Should pictures appear among the records, leave them out, and copy exactly only the lines from the first through the one with "近日,公司团委收到了一封来自", inclusive.

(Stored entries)
........
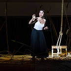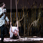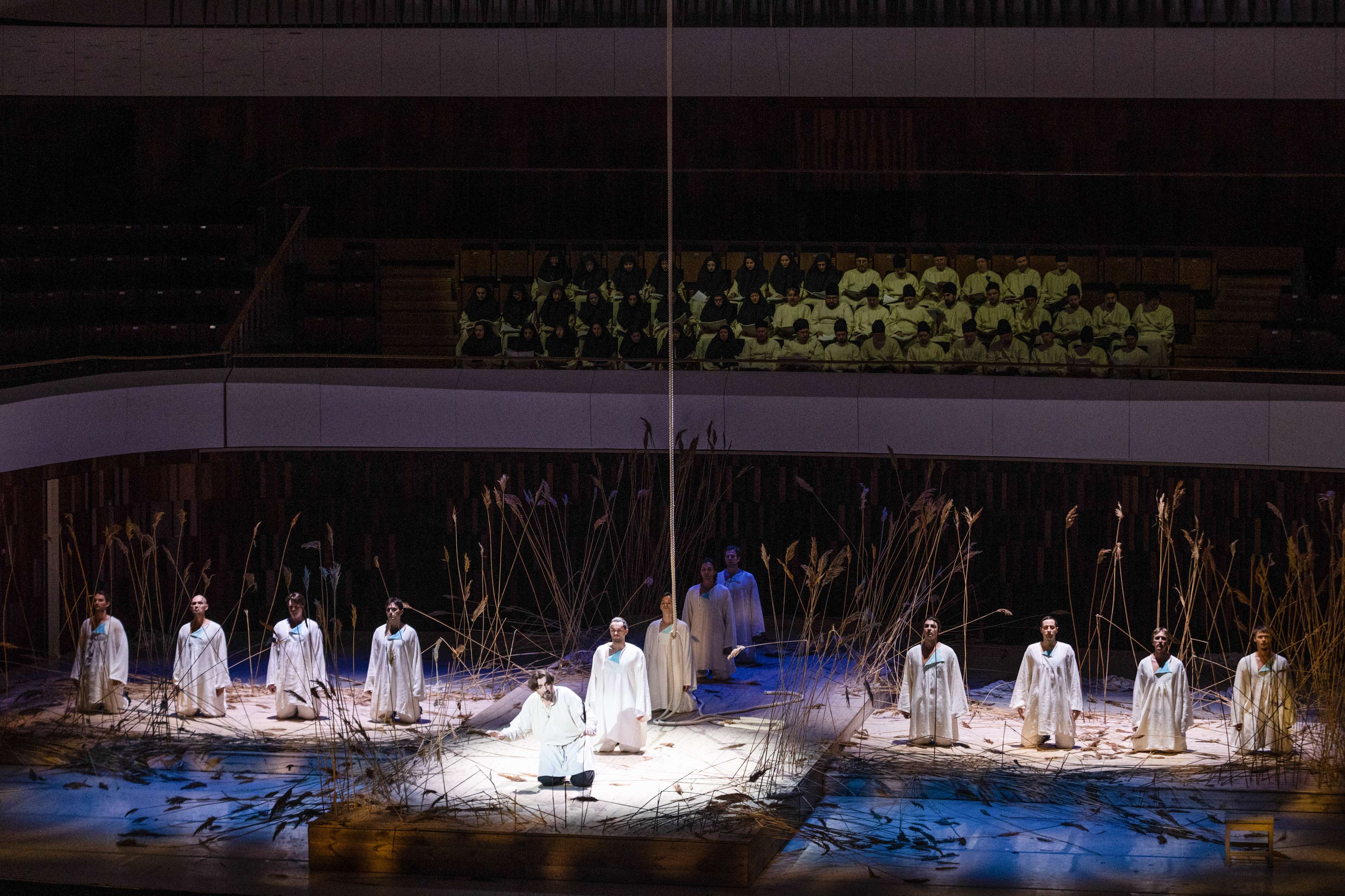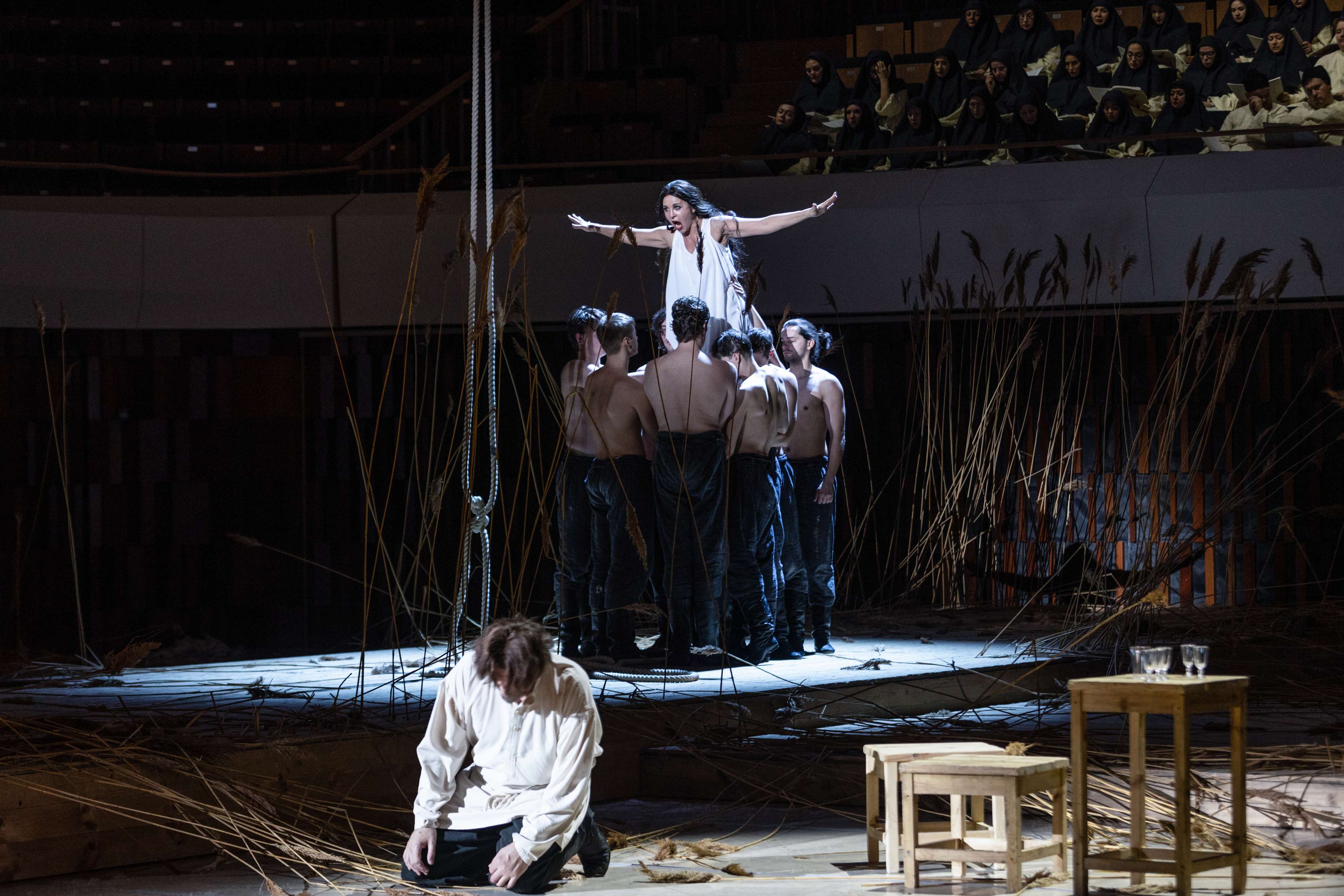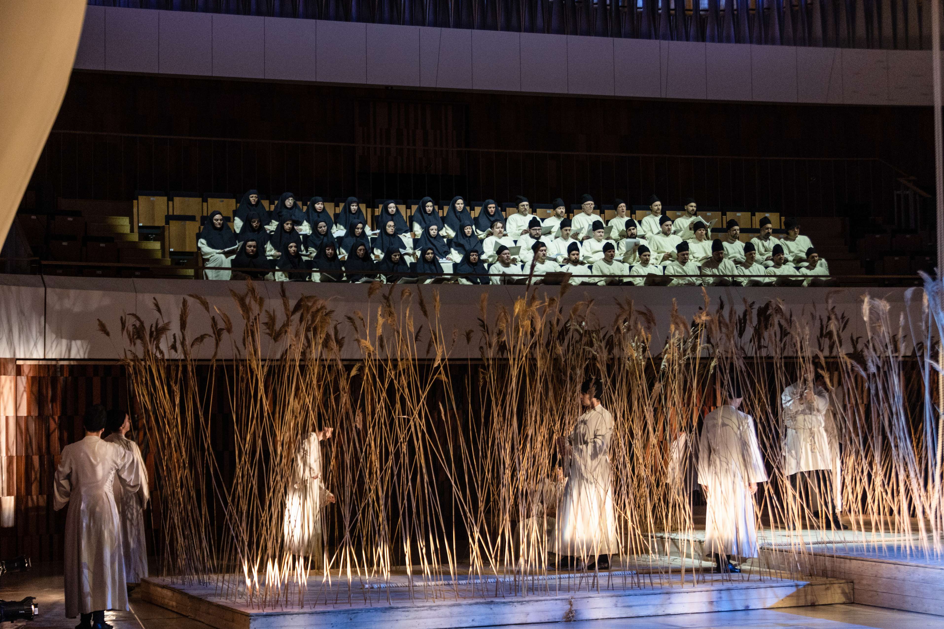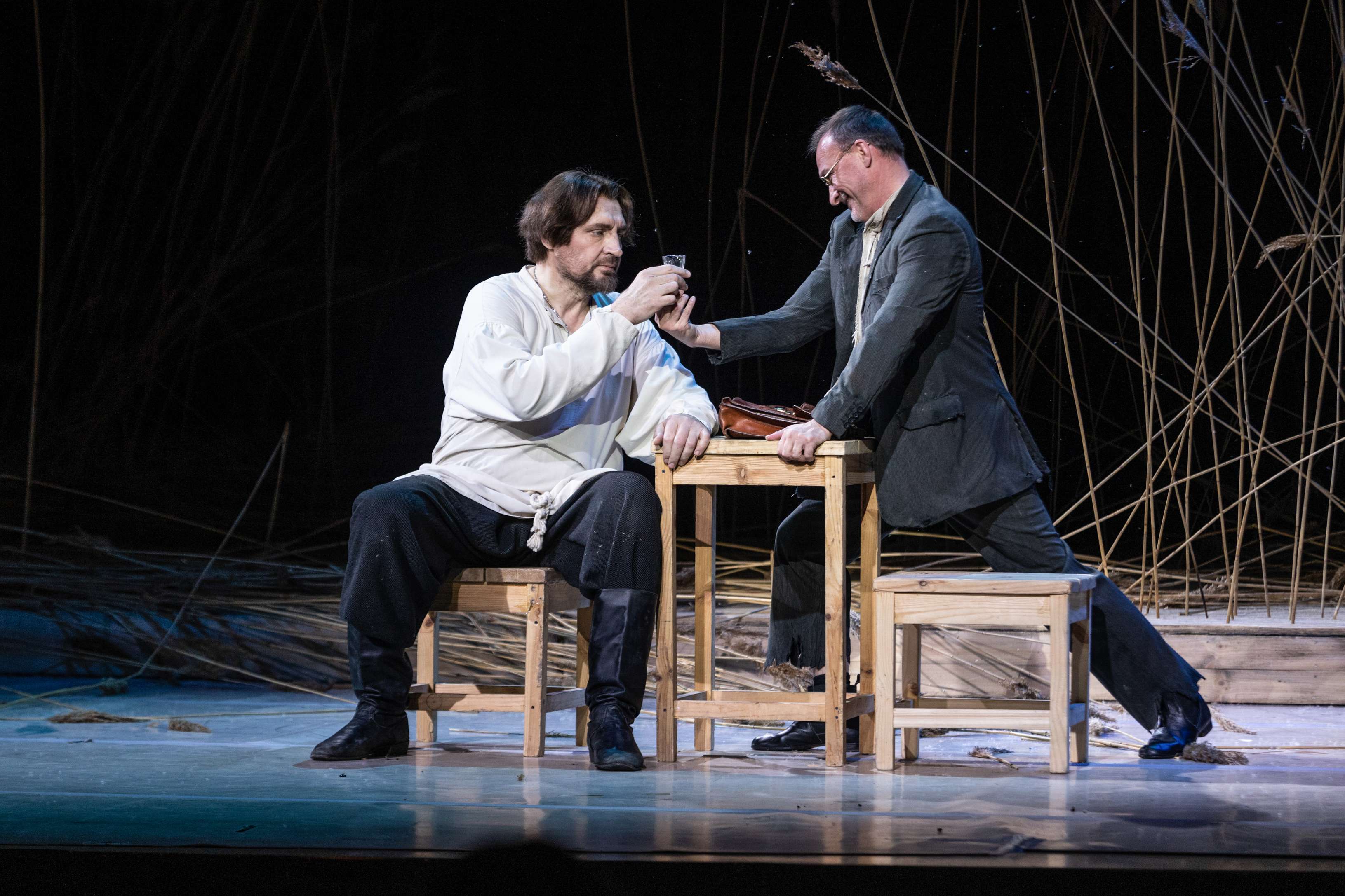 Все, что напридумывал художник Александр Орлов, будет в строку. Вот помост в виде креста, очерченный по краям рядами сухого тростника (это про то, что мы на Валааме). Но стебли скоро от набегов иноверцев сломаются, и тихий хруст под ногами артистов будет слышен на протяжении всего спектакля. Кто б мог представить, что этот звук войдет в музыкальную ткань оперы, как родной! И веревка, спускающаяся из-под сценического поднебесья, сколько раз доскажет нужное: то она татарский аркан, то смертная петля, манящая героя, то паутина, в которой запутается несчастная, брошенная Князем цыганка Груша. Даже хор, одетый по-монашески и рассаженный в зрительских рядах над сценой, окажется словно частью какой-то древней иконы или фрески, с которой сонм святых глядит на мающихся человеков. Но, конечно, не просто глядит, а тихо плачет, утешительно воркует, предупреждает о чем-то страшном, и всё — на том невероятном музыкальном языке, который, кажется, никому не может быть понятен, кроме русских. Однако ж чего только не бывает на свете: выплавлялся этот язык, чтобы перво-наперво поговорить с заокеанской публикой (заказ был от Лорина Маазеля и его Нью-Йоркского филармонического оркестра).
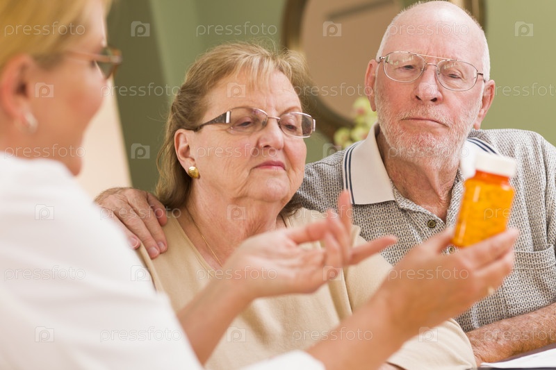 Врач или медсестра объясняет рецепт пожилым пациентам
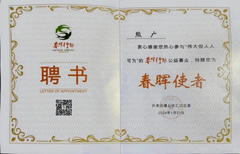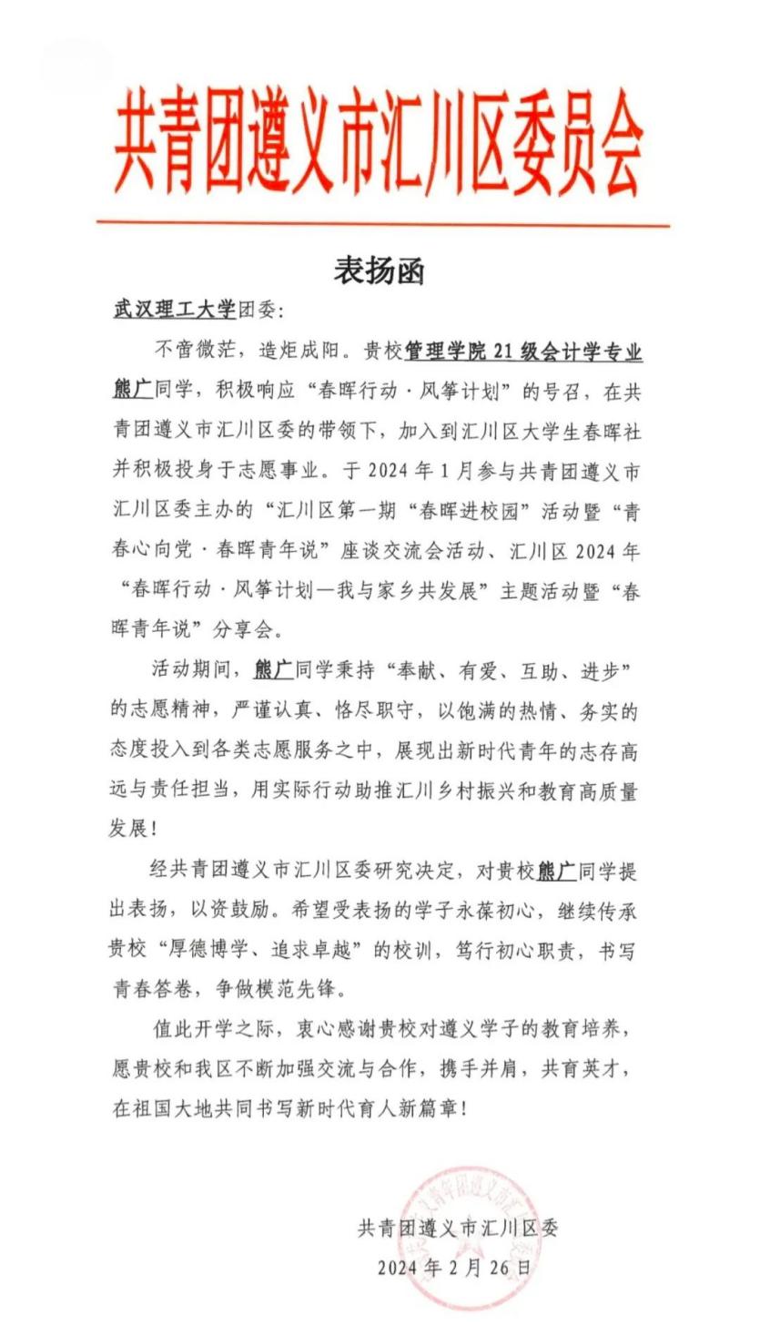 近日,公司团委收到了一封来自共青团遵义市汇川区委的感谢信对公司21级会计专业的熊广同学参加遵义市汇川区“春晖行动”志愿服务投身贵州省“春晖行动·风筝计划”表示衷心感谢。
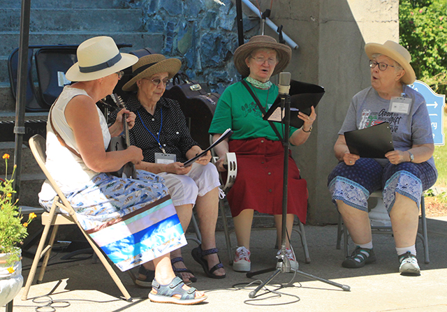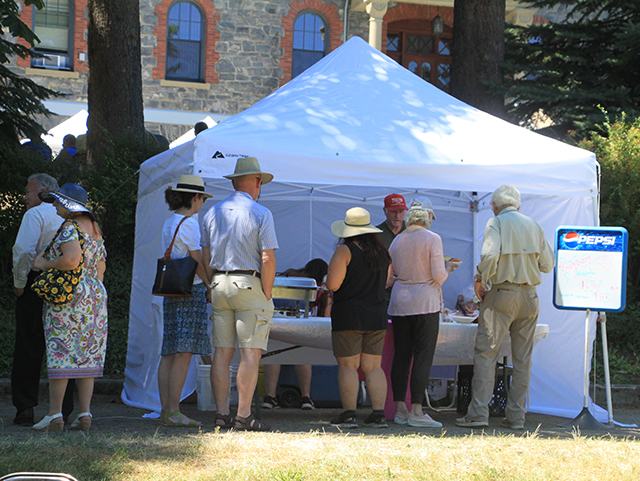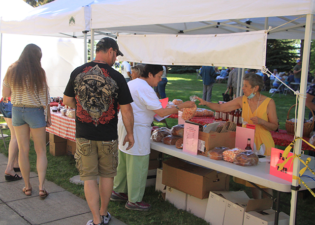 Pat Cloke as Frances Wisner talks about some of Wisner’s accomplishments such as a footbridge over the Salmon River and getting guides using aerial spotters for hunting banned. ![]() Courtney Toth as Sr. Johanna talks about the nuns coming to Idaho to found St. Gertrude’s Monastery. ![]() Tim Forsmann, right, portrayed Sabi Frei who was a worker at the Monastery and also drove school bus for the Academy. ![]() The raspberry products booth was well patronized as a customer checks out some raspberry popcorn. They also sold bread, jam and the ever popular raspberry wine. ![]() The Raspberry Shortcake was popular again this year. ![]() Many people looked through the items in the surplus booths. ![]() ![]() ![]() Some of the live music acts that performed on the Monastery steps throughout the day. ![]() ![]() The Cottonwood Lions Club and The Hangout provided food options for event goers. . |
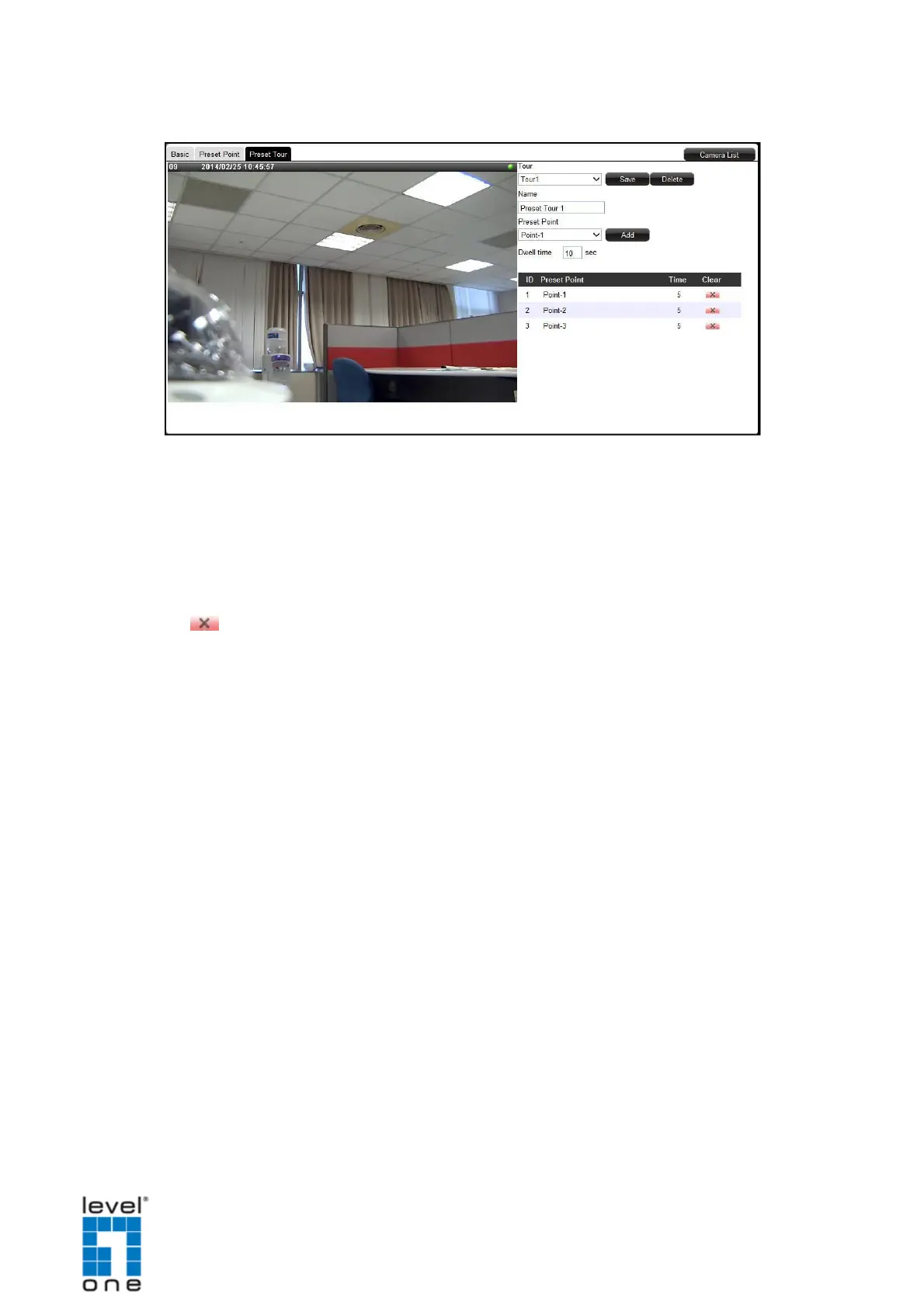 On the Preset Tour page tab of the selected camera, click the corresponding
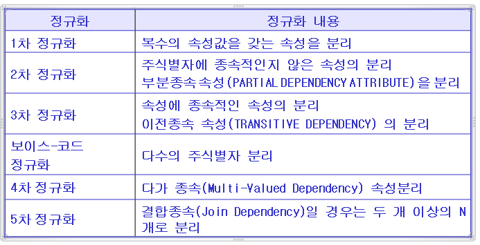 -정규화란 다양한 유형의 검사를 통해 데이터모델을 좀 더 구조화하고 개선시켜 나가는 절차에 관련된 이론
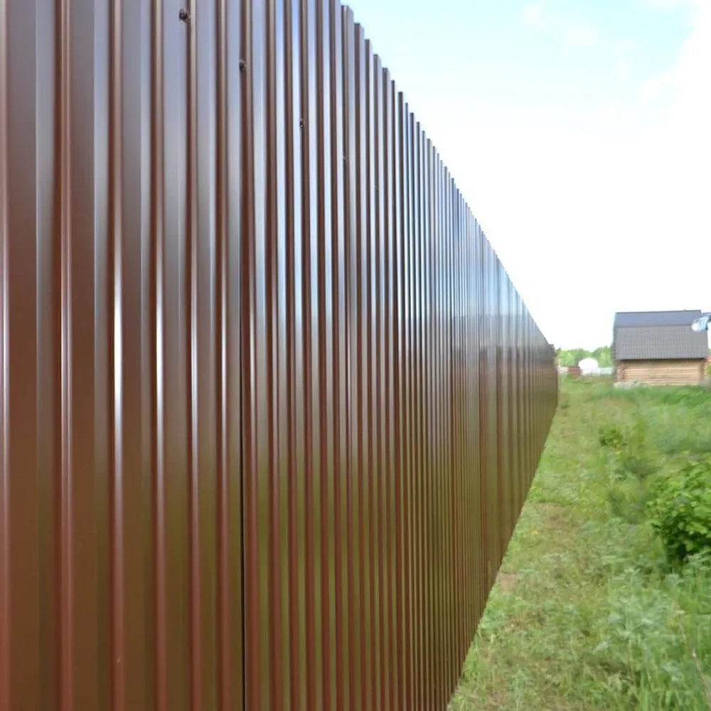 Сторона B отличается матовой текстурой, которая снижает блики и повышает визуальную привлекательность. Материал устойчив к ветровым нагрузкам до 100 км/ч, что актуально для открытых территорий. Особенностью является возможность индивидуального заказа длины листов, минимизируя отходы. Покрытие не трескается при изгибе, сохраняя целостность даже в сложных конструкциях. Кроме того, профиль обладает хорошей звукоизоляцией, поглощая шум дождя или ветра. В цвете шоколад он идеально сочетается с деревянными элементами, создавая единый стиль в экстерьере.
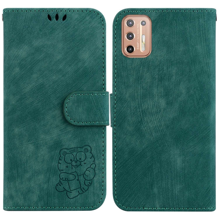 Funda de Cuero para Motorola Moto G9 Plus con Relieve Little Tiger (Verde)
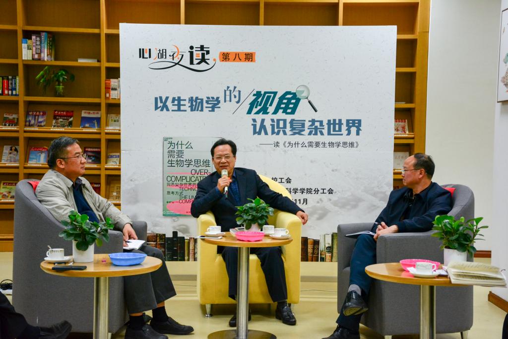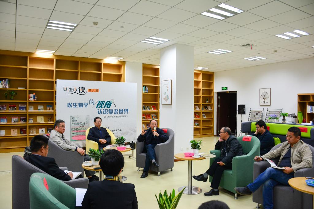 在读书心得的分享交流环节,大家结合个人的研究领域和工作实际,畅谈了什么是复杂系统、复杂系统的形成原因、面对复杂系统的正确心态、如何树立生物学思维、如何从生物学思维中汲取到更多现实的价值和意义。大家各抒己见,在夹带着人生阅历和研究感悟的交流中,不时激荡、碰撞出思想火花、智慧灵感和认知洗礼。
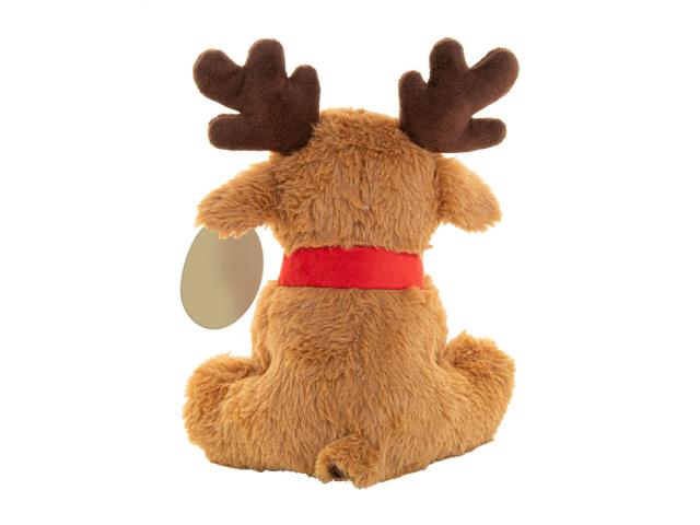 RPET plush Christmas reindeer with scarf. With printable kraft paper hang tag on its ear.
........
_Answer to the problem_
 Все, что напридумывал художник Александр Орлов, будет в строку. Вот помост в виде креста, очерченный по краям рядами сухого тростника (это про то, что мы на Валааме). Но стебли скоро от набегов иноверцев сломаются, и тихий хруст под ногами артистов будет слышен на протяжении всего спектакля. Кто б мог представить, что этот звук войдет в музыкальную ткань оперы, как родной! И веревка, спускающаяся из-под сценического поднебесья, сколько раз доскажет нужное: то она татарский аркан, то смертная петля, манящая героя, то паутина, в которой запутается несчастная, брошенная Князем цыганка Груша. Даже хор, одетый по-монашески и рассаженный в зрительских рядах над сценой, окажется словно частью какой-то древней иконы или фрески, с которой сонм святых глядит на мающихся человеков. Но, конечно, не просто глядит, а тихо плачет, утешительно воркует, предупреждает о чем-то страшном, и всё — на том невероятном музыкальном языке, который, кажется, никому не может быть понятен, кроме русских. Однако ж чего только не бывает на свете: выплавлялся этот язык, чтобы перво-наперво поговорить с заокеанской публикой (заказ был от Лорина Маазеля и его Нью-Йоркского филармонического оркестра).
 Врач или медсестра объясняет рецепт пожилым пациентам
 近日,公司团委收到了一封来自共青团遵义市汇川区委的感谢信对公司21级会计专业的熊广同学参加遵义市汇川区“春晖行动”志愿服务投身贵州省“春晖行动·风筝计划”表示衷心感谢。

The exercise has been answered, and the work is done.